1. Combining Multiple Sources (UNION)

Merging the same type of data from different systems.

Operation Example Category
Union facts Combine events from System A + System B + System C Combining
Reconciliation UNION (not UNION ALL) to dedupe across sources Combining
Cross-system dedup Same event recorded in multiple systems Combining
-- Example: Combining events from all sources
SELECT date_id, location_id, duration_minutes, notes
FROM cleaned_system_a_events

UNION ALL

SELECT date_id, location_id, duration_minutes, notes
FROM cleaned_system_b_events

UNION ALL

SELECT date_id, location_id, duration_minutes, notes
FROM cleaned_system_c_events

2. Business Calculations

Applying business definitions and formulas.

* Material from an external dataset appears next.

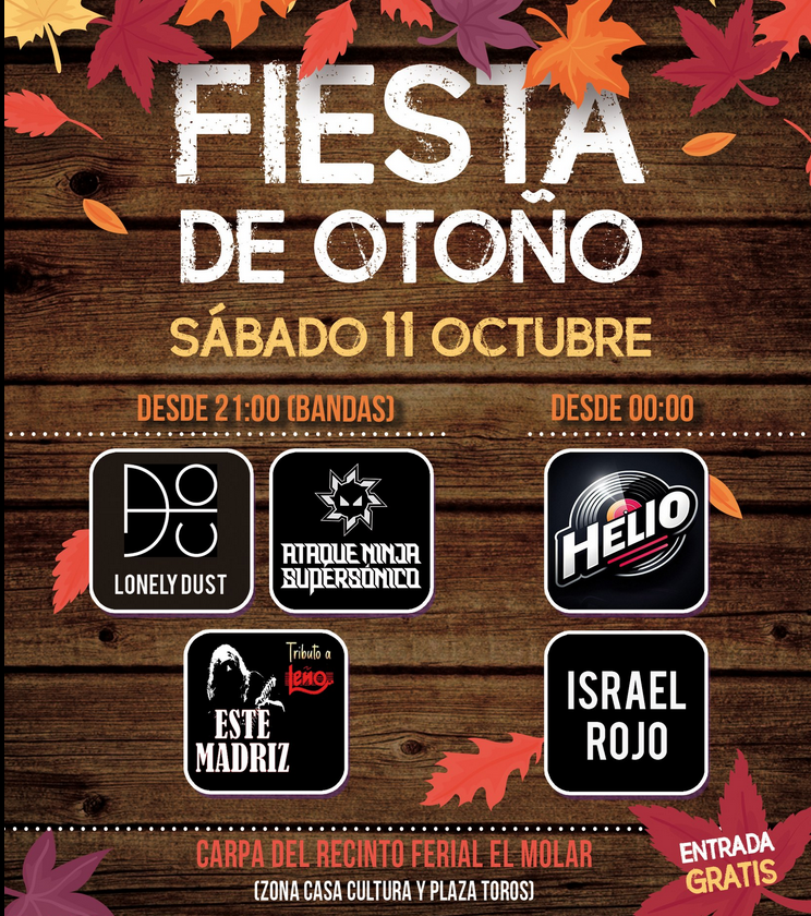 El próximo sábado día 11 El Molar celebra la Fiesta de Otoño en la Carpa de su recinto ferial, en donde la entrada es gratuita y se puede disfrutar la música de grandes grupos de rock.

Operation Example Category
Define metrics total_output = COALESCE(revised_qty, original_qty) Business Rule
Calculate KPIs efficiency = actual_output / expected_output * 100 Business Rule
Apply business logic "If negative, treat as zero" Business Rule
Default values "Use default reason if null and duration < 10 min" Business Rule
-- Example: Business definition of Total Output
COALESCE(
    CASE
        WHEN COALESCE(revised_quantity, original_quantity) <= 0 THEN 0
        ELSE COALESCE(revised_quantity, original_quantity)
    END, 
0) AS total_output

This is Gold because it answers: "What does 'output' MEAN to the business?"

3. Cross-Fact Joins

Joining multiple fact tables together.

Operation Example Category
Join facts Production + Downtime + Quality → Efficiency Cross-Fact
Build wide tables Denormalized reporting tables Cross-Fact
Calculate ratios Downtime / Available Hours Cross-Fact
-- Example: Joining facts for efficiency calculation
SELECT 
    c.date_id,
    c.location_id,
    p.total_output,
    d.downtime_minutes,
    q.defect_count,
    -- Efficiency uses multiple facts
    (p.total_output / p.target_output) * 100 AS efficiency_pct
FROM calendar_scaffold c
LEFT JOIN combined_production p 
    ON c.date_id = p.date_id AND c.location_id = p.location_id
LEFT JOIN combined_downtime d 
    ON c.date_id = d.date_id AND c.location_id = d.location_id
LEFT JOIN combined_quality q 
    ON c.date_id = q.date_id AND c.location_id = q.location_id

4. Aggregations for Reporting

Pre-computing summaries for dashboards and reports.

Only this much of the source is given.